The function H(a1,,an)H(a_{1},\ldots,a_{n}) is concave in (a1,,an)(a_{1},\ldots,a_{n}), i.e.,

H(αa1+(1α)b1,,αan+(1α)bn)\displaystyle H\left(\alpha a_{1}+(1-\alpha)b_{1},\ldots,\alpha a_{n}+(1-\alpha)b_{n}\right) (3)
\displaystyle\geq αH(a1,,an)+(1α)H(b1,,bn)\displaystyle\alpha H(a_{1},\ldots,a_{n})+(1-\alpha)H(b_{1},\ldots,b_{n})

for all 0α10\leq\alpha\leq 1 and ai,bi[0,1]a_{i},b_{i}\in[0,1].

As noted by Shepp and Olkin [11], H(a1,,an)H(a_{1},\ldots,a_{n}) is concave in each aia_{i} and is concave in the special case where a1==ana_{1}=\ldots=a_{n} and b1==bnb_{1}=\ldots=b_{n}. We provide further evidence supporting Conjecture 1, by proving another special case, which is a consequence of Theorem 2 when applied to Bernoulli sums.

Corollary 1

Relation (3) holds if aibi=0a_{i}b_{i}=0 for all ii.

Conjecture 1 remains open. We are hopeful, however, that the techniques introduced here could help resolve this long-standing problem.

In Section II we collect some basic properties of thinning and ULC distributions, which are used in the proof of Theorem 2 in Section III. Possible extensions are discussed in Section IV.

II Preliminary observations

Basic properties of thinning include the semigroup relation ([7])

Tα(Tβf)=TαβfT_{\alpha}(T_{\beta}f)=T_{\alpha\beta}f (4)

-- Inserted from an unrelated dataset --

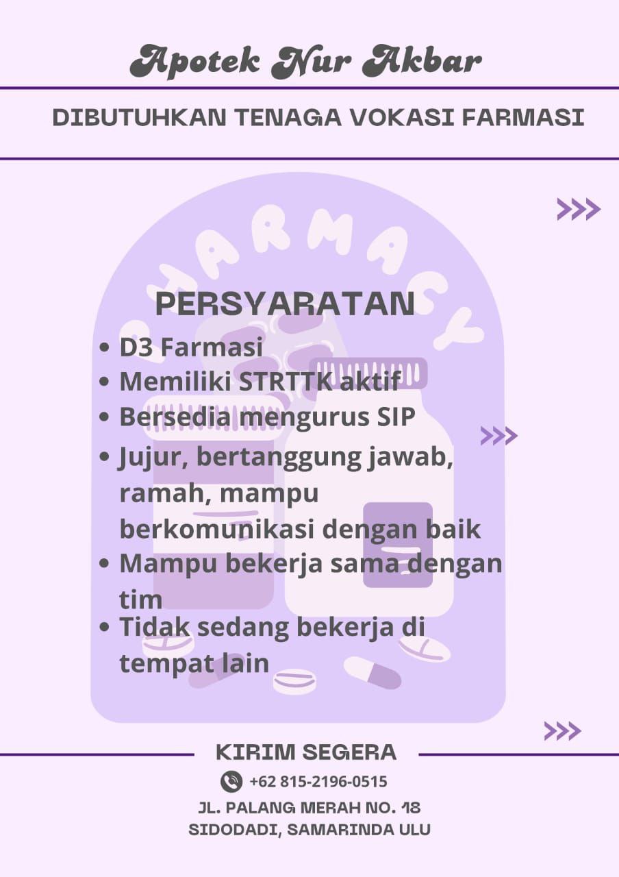 Disclaimer: Farmacare bertindak sebagai platform penyedia informasi dan tidak bertanggung jawab atas isi maupun keakuratan materi lowongan kerja yang dipasang oleh pihak ketiga. Kami mengimbau seluruh pelamar untuk selalu waspada terhadap segala bentuk penipuan yang mengatasnamakan proses rekrutmen. Ingatlah bahwa proses rekrutmen yang resmi tidak pernah memungut biaya apa pun (seperti biaya tiket, akomodasi, atau biaya admin). Selalu lakukan verifikasi mandiri sebelum memberikan data pribadi atau melakukan transaksi.
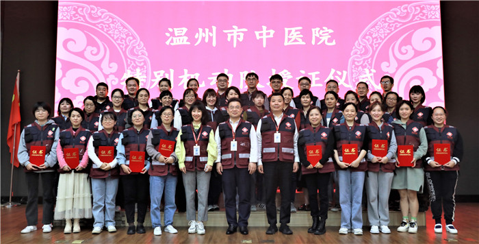 最后,由医院党委书记王庆来、院长朱文宗为4名副队长颁发任命证书,副院长赵永强、纪委书记张伊凡为36名机动队员颁发任命证书。

and the commuting relation (* denotes convolution)

Tα(fg)=(Tαf)(Tαg).T_{\alpha}(f*g)=(T_{\alpha}f)*(T_{\alpha}g). (5)

It is (5) that allows us to deduce Corollary 1 from Theorem 2 easily.

Concerning the ULC property, three important observations ([7]) are

  1. 1.

    a pmf ff is ULC if and only if the ratio (i+1)fi+1/fi(i+1)f_{i+1}/f_{i} is a decreasing function of ii;

  2. 2.

    if ff is ULC, then so is TαfT_{\alpha}f;

  3. 3.

    if ff and gg are ULC, then so is their convolution fgf*g.

A key tool for deriving Theorem 2 and related results ([7, 13]) is Chebyshev’s rearrangement theorem, which states that the covariance of two increasing functions of the same random variable is non-negative. In other words, if XX is a scalar random variable, and gg and g~\tilde{g} are increasing functions, then (assuming the expectations are finite)

E[g(X)g~(X)]Eg(X)Eg~(X).E[g(X)\tilde{g}(X)]\geq Eg(X)E\tilde{g}(X).

III Proof of Theorem 2

The basic idea is to use the decomposition

H(X)=D(X)L(X)H(X)=-D(X)-L(X)

where as before D(X)=D(X||po(λ))D(X)=D(X||po(\lambda)) with λ=EX\lambda=EX, and L(X)=Elog(po(X;λ))L(X)=E\log(po(X;\lambda)).

The behavior of the relative entropy D(X)D(X) under thinning is fairly well-understood. In particular, by differentiating D(TαX)D(T_{\alpha}X) with respect to α\alpha and then using a data-processing argument, Yu [14] shows that

D(TαX)αD(X).D(T_{\alpha}X)\leq\alpha D(X). (6)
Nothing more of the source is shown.